* [WORK INSTRUCTIONS] Copy out exactly, from the entries that follow, the line holding "OVERHEATING PROTECTION –", the line holding "Day 4 here on", and all lines between them, but no pictures.

* [SUPPLIED DATA]
++++

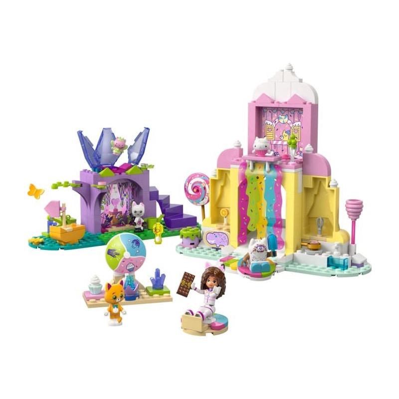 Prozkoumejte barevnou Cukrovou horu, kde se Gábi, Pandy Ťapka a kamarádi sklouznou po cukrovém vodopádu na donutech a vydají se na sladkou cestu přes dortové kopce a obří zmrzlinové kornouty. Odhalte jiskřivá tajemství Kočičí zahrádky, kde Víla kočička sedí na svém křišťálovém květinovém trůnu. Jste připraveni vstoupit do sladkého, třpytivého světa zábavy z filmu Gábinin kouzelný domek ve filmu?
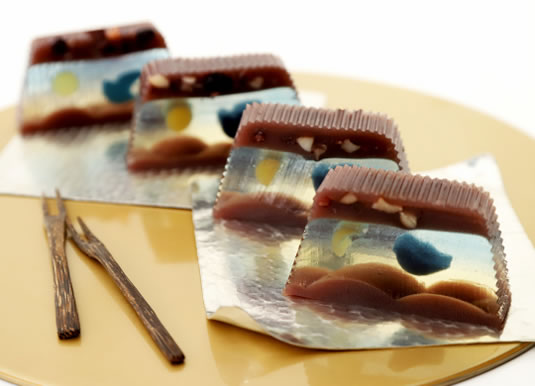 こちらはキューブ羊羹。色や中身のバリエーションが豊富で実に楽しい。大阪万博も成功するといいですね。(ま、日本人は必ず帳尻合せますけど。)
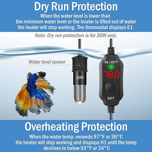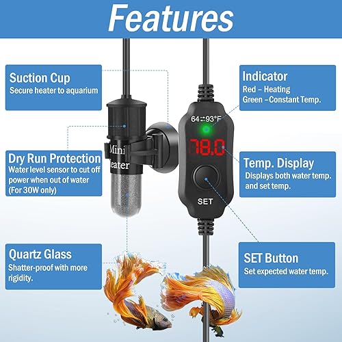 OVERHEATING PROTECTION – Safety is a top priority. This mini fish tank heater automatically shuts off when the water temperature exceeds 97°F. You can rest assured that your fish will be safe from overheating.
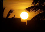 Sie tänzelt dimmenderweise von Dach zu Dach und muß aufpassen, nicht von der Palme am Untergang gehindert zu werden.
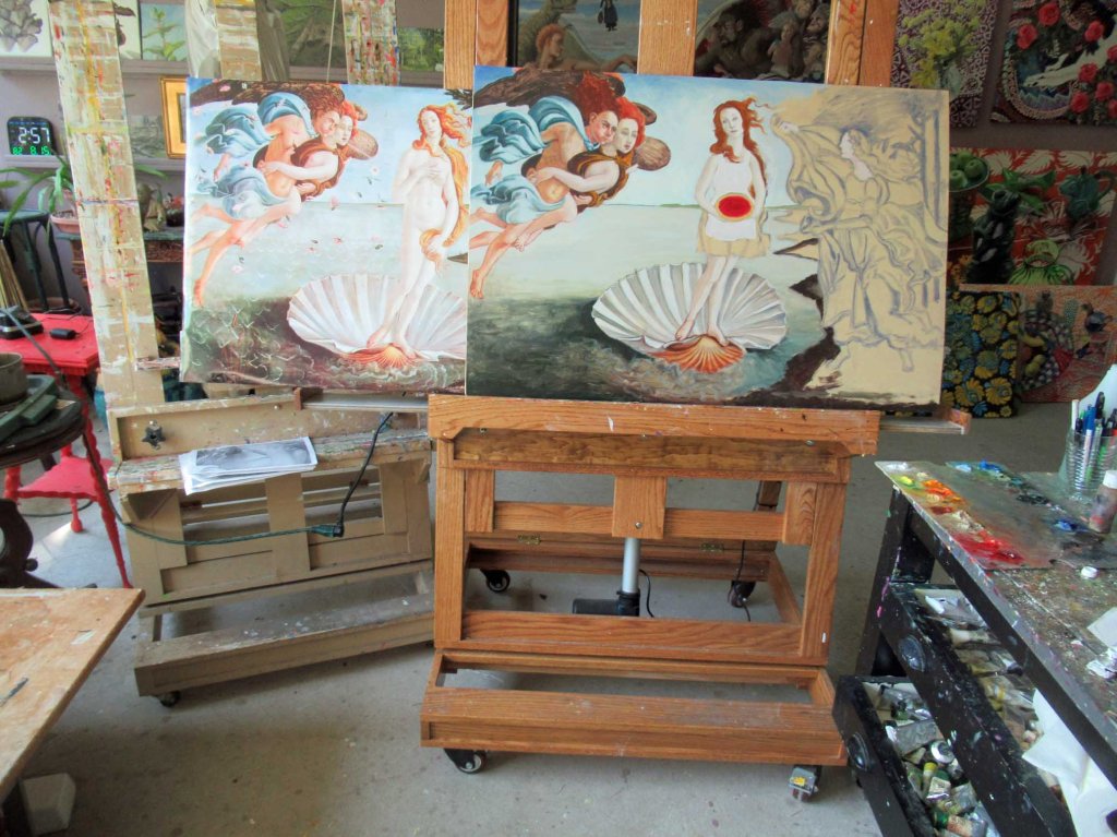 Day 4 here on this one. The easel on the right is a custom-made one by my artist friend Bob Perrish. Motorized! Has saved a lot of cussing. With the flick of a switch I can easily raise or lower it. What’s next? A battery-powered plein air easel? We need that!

++++

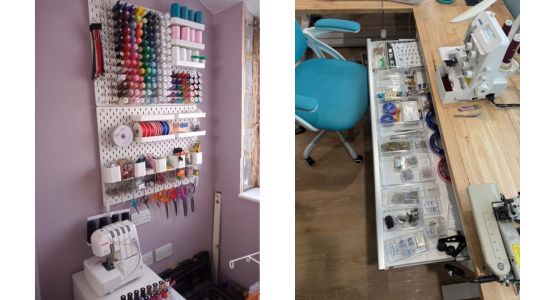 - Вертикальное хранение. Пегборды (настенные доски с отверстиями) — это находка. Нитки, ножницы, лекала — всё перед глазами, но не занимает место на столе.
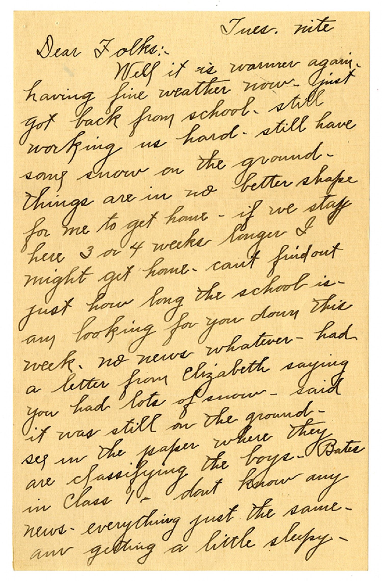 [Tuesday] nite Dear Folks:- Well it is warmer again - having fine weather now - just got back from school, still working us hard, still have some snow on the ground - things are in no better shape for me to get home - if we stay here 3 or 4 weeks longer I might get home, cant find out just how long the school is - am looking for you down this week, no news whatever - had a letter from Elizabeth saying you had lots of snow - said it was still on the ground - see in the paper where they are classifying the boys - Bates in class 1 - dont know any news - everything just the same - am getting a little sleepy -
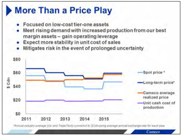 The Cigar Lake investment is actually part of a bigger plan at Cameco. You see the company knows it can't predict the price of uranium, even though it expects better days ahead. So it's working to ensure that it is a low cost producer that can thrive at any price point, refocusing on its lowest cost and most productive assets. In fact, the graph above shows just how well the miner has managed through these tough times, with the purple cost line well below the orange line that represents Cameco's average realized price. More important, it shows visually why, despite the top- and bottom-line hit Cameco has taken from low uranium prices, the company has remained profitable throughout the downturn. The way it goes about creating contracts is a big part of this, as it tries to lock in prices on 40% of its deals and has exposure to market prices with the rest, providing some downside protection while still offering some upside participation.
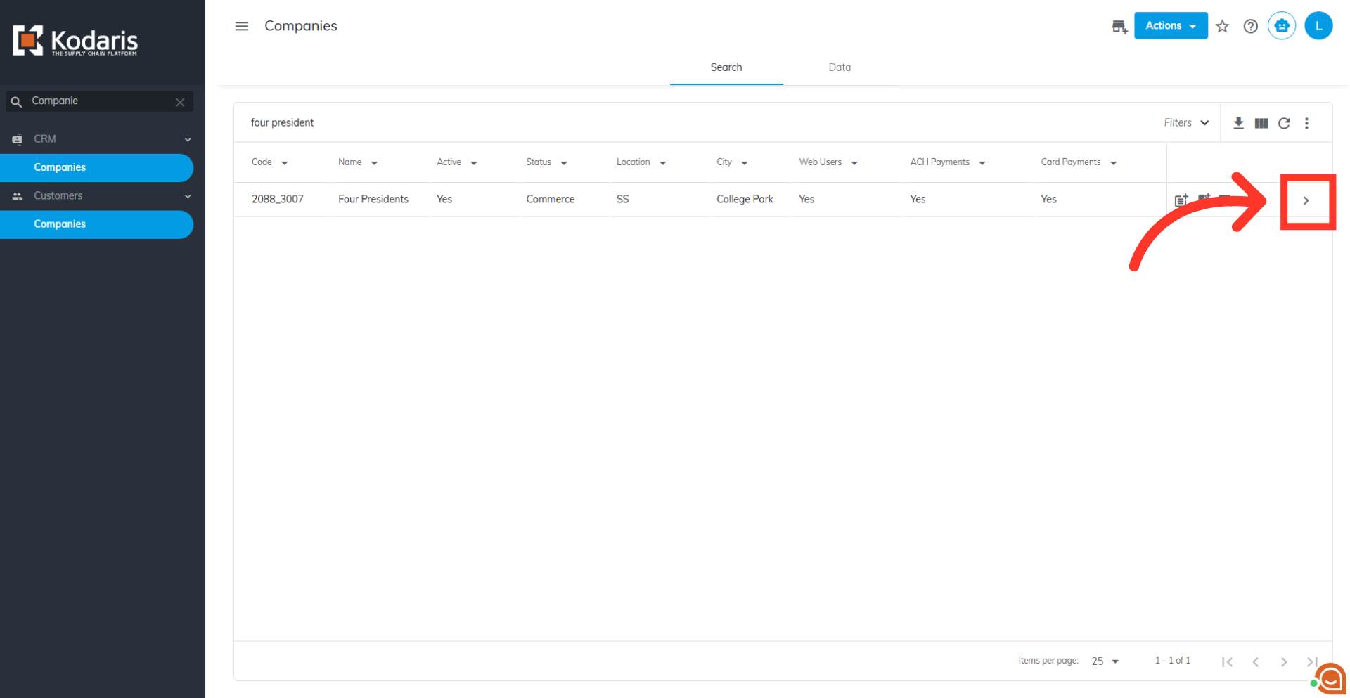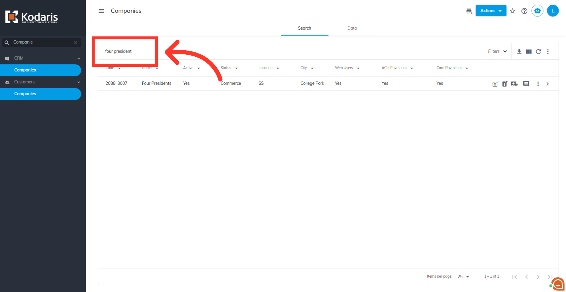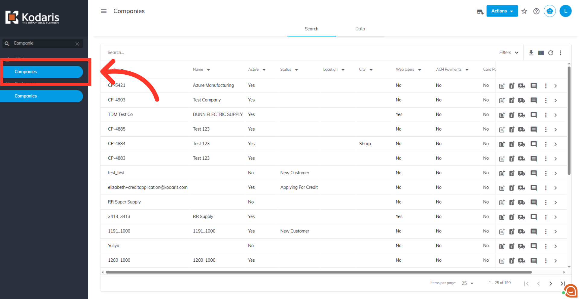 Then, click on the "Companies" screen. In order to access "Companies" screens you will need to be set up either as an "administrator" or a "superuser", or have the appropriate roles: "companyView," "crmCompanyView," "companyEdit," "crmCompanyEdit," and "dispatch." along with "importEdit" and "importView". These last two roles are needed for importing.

++++

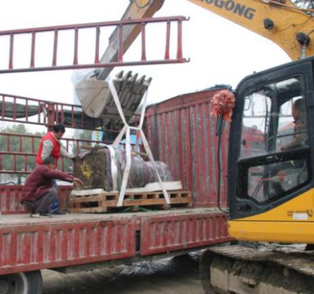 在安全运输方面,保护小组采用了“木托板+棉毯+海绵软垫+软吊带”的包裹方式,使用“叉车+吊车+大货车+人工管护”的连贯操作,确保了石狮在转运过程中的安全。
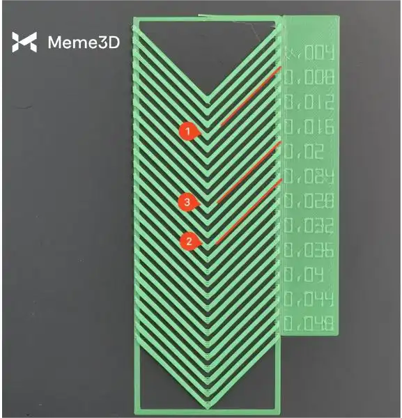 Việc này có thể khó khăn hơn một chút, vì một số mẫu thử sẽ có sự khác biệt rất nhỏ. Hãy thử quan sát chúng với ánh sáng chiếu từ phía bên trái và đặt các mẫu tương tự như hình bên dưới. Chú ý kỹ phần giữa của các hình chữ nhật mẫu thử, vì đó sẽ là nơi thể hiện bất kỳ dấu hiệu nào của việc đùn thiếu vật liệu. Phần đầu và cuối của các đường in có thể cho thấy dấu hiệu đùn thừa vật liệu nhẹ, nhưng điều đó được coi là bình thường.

++++

* [FINISHED TASK]
 OVERHEATING PROTECTION – Safety is a top priority. This mini fish tank heater automatically shuts off when the water temperature exceeds 97°F. You can rest assured that your fish will be safe from overheating.
 Sie tänzelt dimmenderweise von Dach zu Dach und muß aufpassen, nicht von der Palme am Untergang gehindert zu werden.
 Day 4 here on this one. The easel on the right is a custom-made one by my artist friend Bob Perrish. Motorized! Has saved a lot of cussing. With the flick of a switch I can easily raise or lower it. What’s next? A battery-powered plein air easel? We need that!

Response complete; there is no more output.